Integer solution of equation I was thinking about different types of equations in two variables. My motivation for this is purely intrinsic. I just wanted to know what we can say about analytic methods of solving different equations. On the course of this, I came across the following:

$5^x - 3^y = 2$

My guess is that the only solution in the positive integers is $x=y=1$. Also Wolfram Alpha is telling me that.

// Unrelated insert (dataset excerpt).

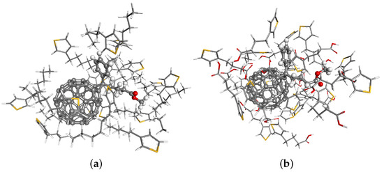 A visualization of DFT-optimized structures of clusters: (a) PCBM molecule surrounded by 16 P3HT monomers (520 interaction sites in total); (b) PCBM molecule surrounded by 10 P3BT monomers (508 interaction sites in total). Optimization has been performed with the use of the PBC functional [42] with OBS vdW correction [43] and the DND basis set.

Is there a way of approaching this problem.
Of course we can write $y = \frac{\log(5^x - 2)}{\log(3)}$, but I am not sure that this helps.
Thank you very much for your help!
 A: Firstly, we start with some modulus arguments. If we take the whole sequence modulo $3$, then we have that $5^x\equiv2$. In particular, $x\equiv1\pmod2$. Similarly, taking the sequence modulo $5$ tells us that $y\equiv1\pmod2$ as well.
The next step is to write $5^{x+1}=p^2$ and $3^{y-1}=q^2$. The equation then becomes, after multiplication by $5$, $$p^2-15q^2=10.$$ This is a generalised pell equation, for which the solutions are given here (Theorem 3.3). In particular, we solve the pell equation $$a^2-db^2=1$$ for $d=15$, which yields a primitive solution $(4,1)$, and then find all solutions to $$x^2-dy^2=n$$ for $n=10$ such that $|x|\le \sqrt{10(4+\sqrt{15})}\approx8.9$.
The only such solution, as you may have guessed, is $(5,1)$.
Finally, we compose the two solutions to find all solutions to the original equation, $$p^2-15q^2=10.$$ This is a simple recurrence, beginning with initial term $p_0=5,q_0=1$ with the conditions $$p_{n+1} = 4p_n + 15q_n,\\q_{n+1}=p_n+4q_n.$$
The trick to notice here is that this sequence can hardly ever have a power of $5$ as $p_n$ (which was, after all, the original question!) so we restrict ourselves to looking at powers of $5$. A straightforward induction tells us that $p_n$ satisfies $p_0=5,p_1=35,$ and $$p_{n+2}=8p_{n+1}-p_{n}$$ which is handy.
If you think about the condition that we don't want any other factors other than $5$ to appear, this sounds awfully reminiscent of Zsigmondy's Theorem -- indeed, the generalisation to Lucas sequences instantly reduces it to the finite case of $n\le30$.
>>> def is_power_of_5(n):
        while n%5==0:
            n//=5
        return n==1

>>> arr = [5,35]

>>> for i in range(40):
        arr.append(arr[-1]*8-arr[-2])

>>> for i in arr:
        if is_power_of_5(i):
            print(i)    
5

Hence $(1,1)$ is indeed the only solution to the question.